WHAT THE EXERCISE ASKS
What is printed must match, line for line, the records from their first line through the line containing "This stunning Eternity", with pictures left out.

*** MATERIAL FOR THE TASK Section Begins ***

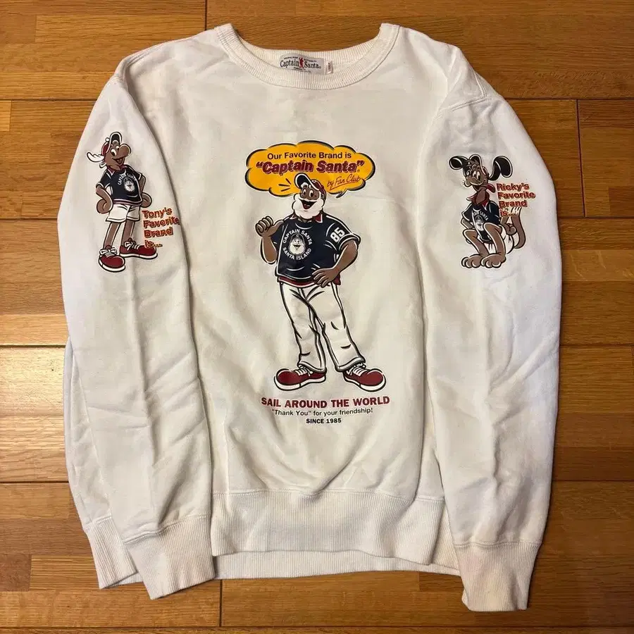 캐릭터 그래픽이 특징인 화이트 맨투맨. - 브랜드: Captain Santa - 디자인: 캐릭터 그래픽 - 색상: 화이트 - 사이즈: L - 메시지: SAIL AROUND THE WORLD 방문해 주셔서 감사합니다.
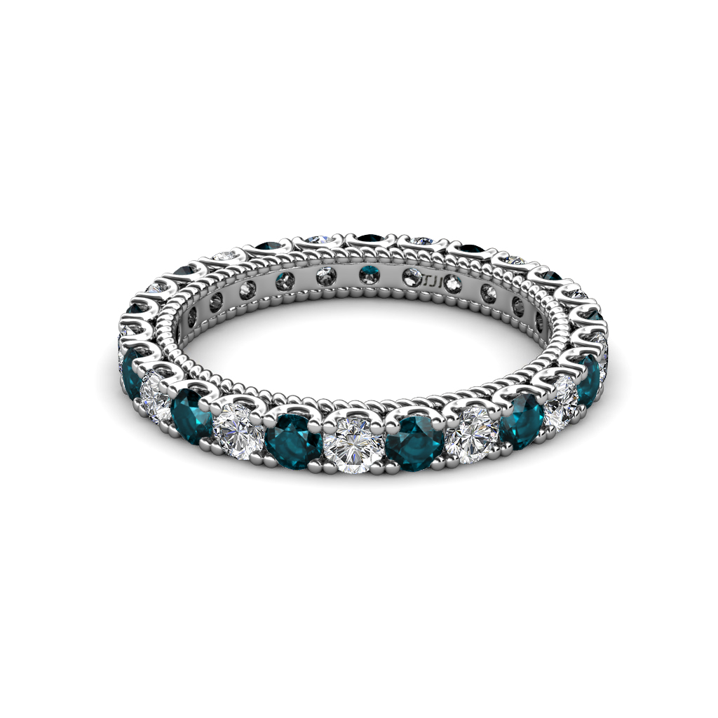This stunning Eternity Band is Ornamented with striking U-Prong set London Blue Topaz and Lab Grown Diamond with rope like milgrain embellished all the way around the shank.
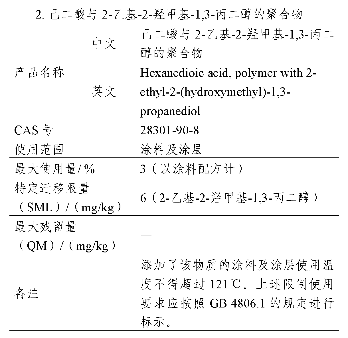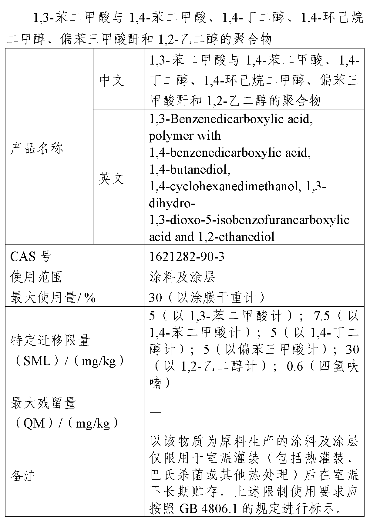 本次公告批準(zhǔn)1,3-苯二甲酸與1,4-苯二甲酸、1,4-丁二醇、1,4-環(huán)己烷二甲醇、偏苯三甲酸酐和1,2-乙二醇的聚合物作為食品接觸用樹(shù)脂新品種用于涂料及涂層。該物質(zhì)是涂料的主要成膜樹(shù)脂,具有良好的抗彎曲性能和耐腐蝕性能。經(jīng)安全性評(píng)估,以該物質(zhì)為原料生產(chǎn)的涂層在室溫灌裝(包括熱灌裝、巴氏殺菌或其他熱處理)后在室溫下長(zhǎng)期貯存的情形下,所有人群均可安全使用。其他使用要求按照公告規(guī)定執(zhí)行。歐洲委員會(huì)和南方共同市場(chǎng)均允許該物質(zhì)用于食品接觸用涂料及涂層。
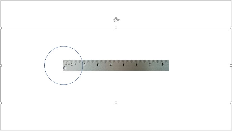 然后在插入一个矩形色块,并把它居于页面中央(注意:这个矩形色块一定得把圆形透明色块与标尺完全覆盖。)
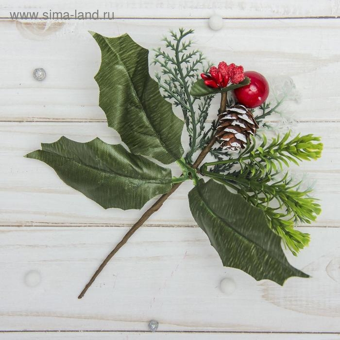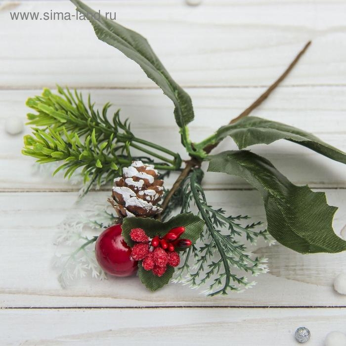 Декор "Зимние мечты" веточка с ягодой и шишкой, 14 см
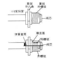購(gòu)單向閥一支,結(jié)構(gòu)見下圖。取下單向閥的閥芯,把單向閥焊在高低溫試驗(yàn)箱的工藝管上。確認(rèn)焊接牢固、無漏,再裝上閥芯。抽真空時(shí)用帶有頂針的加氟管連結(jié),另一頭與角閥連接。然后再接表和真空泵。抽真空后,卸下真空泵,換上加氟鋼瓶,排除角閥后(第二根加氟管)加氟管中的空氣,再加氟。
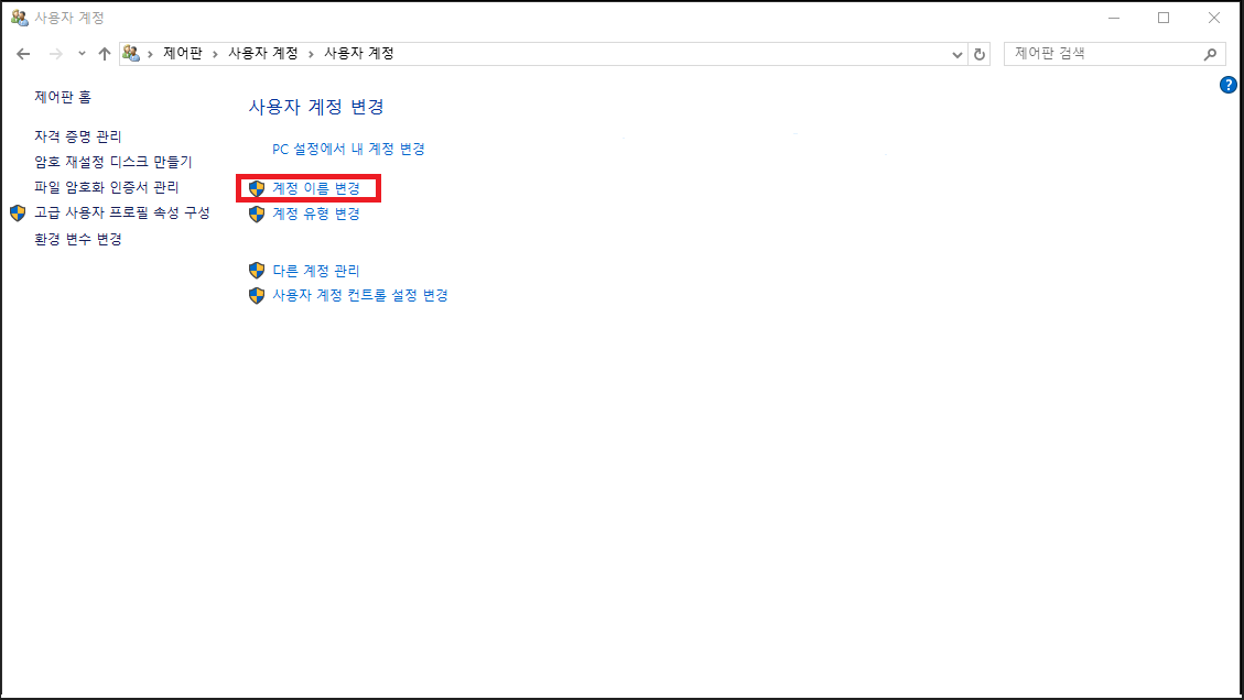 - [사용자 계정] 화면에서 [계정 이름 변경] 링크를 클릭합니다.

*** MATERIAL FOR THE TASK Section Ends ***

PROBLEM SOLUTION
 캐릭터 그래픽이 특징인 화이트 맨투맨. - 브랜드: Captain Santa - 디자인: 캐릭터 그래픽 - 색상: 화이트 - 사이즈: L - 메시지: SAIL AROUND THE WORLD 방문해 주셔서 감사합니다.
This stunning Eternity Band is Ornamented with striking U-Prong set London Blue Topaz and Lab Grown Diamond with rope like milgrain embellished all the way around the shank.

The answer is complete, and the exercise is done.